Rituximab induces remission in refractory HCV associated cryoglobulinaemic vasculitis

Abstract

Objectives: To report the successful induction of remission with the monoclonal anti-CD20 antibody rituximab in a patient with hepatitis C virus (HCV) associated cryoglobulinaemic vasculitis and a non-Hodgkin's lymphoma (NHL) resistant to previously advocated conventional treatments.

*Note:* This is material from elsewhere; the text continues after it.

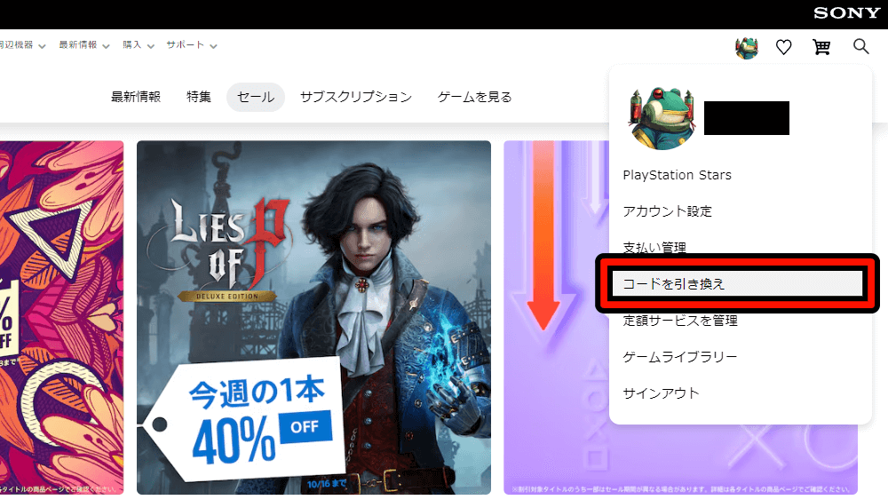 | 2 | 画面右上のアイコンからコード引き換えを選択 |

Case report: The patient was a 45 year old woman with HCV associated cryoglobulinaemic vasculitis, with purpura, arthralgia, constitutional symptoms, and a polyneuropathy. A malignant NHL was found as underlying lymphoproliferative disease. At this stage the disease was refractory to interferon alpha2b and ribavirin and to subsequent immunosuppressive treatment with cyclophosphamide. Six rituximab infusions targeting the CD20 antigen on cells of the B cell lineage induced remission of the vasculitis. Bone marrow biopsy disclosed absence of the NHL. Remission has subsequently been maintained and HCV eliminated with the new pegylated interferon alpha2b and ribavirin for nearly one year.

Conclusions: Transition of the underlying "benign" lymphoproliferative disease to a malignant lymphoma may result in difficult to treat HCV associated cryoglobulinaemic vasculitis. Rituximab offers a new possibility for inducing remission in refractory HCV associated cryoglobulinaemic vasculitis and the lymphoproliferative disorder. After remission, HCV may subsequently be eliminated with pegylated interferon alpha2b and ribavirin.

Figure 1

(A) Bone marrow trephine stained for NACE (x40). Two small lymphoid aggregates were found next to bone trabeculae (→). The lymphoid cells were mainly small lymphocytes with dense chromatin structure and small cytoplasm. Some lymphoplasmacytoid cells were intermingled as were rare blasts. (B) High power view of a Giemsa staining of these lymphoid aggregates. Note the small lymphocytes and lymphoplasmacytoid cells (→). Some of the nuclei show small indentations, rarely a small nucleolus can be found. (C) Bone marrow trephine after treatment with rituximab. NACE staining (x40). No lymphoid aggregates were visible, the haematopoiesis is regularly distributed and all three mature lineages are represented. (D) Immunohistochemical staining of the lymphoid aggregates from the bone marrow trephine before treatment using CD20 antibody, the ABC method DAB (x200). Note: ill defined B cell aggregates which slightly replace the regular haematopoietic cells. (E) CD20 staining of the bone marrow after treatment (x200). Rare CD20 positive B cells were scattered throughout the marrow. (F) Transverse section through the colon sigmoideum with an ulceration of the mucosa (upper right) and an increase in the number of inflammatory cells in the lamina propria and submucosa. There were irregularities of the glands at the margins of the ulcer. In the lower right of the figure a vascular occlusion is shown (x25). Masson trichrome staining. (G) Section of (F). Moderate vascular inflammation with fibrosis and central fibrinoid necrosis is demonstrated. Small to medium sized muscular arteries were involved, resembling cryoglobulinaemic vasculitis. Typically, the inflammatory infiltrate consists of lymphocytes, neutrophilic granulocytes, some eosinophils, and monocytes/histiocytes. Haematoxylin and eosin (H&E) staining (x100).

Figure 2

IgH-rearrangment study of DNA extracted from the bone marrow trephine (1A) before treatment. Lane 1: a clonal band (→) is visible in a polyclonal background ({}). Lane 2: a polyclonal control case. Lane 3: another positive case. Lane 4: a water control, negative control. Lane 5: a positive control with two strong signals (biclonal). Lane 6: the DNA length standard. DNA from the same patient, extracted from the bone marrow trephine (1C) after treatment, did not yield a monoclonal band (data not shown).

Figure 3

Patient's disease course. Cryoglobulin levels and HCV-RNA load are depicted as well as the Birmigham vasculitis activity score.¹¹ Abbreviations for organ involvement due to the cryoglobulinaemic vasculitis: S, skin; A, arthritis; P, polyneuropathy; B, constitutional symptoms/B symptoms; GI, gastrointestinal involvement—that is, vasculitis of the colon. NHL, non-Hodgkin's lymphoma; Cyc i.v., cyclophosphamide infusions; Pl, plasmapheresis; IFNα2b, interferon-α2b; PEG-IFN, pegylated IFNα2b; Riba, ribavirin. Corticosteroid (prednisolone) was given at 5 mg/day by mouth.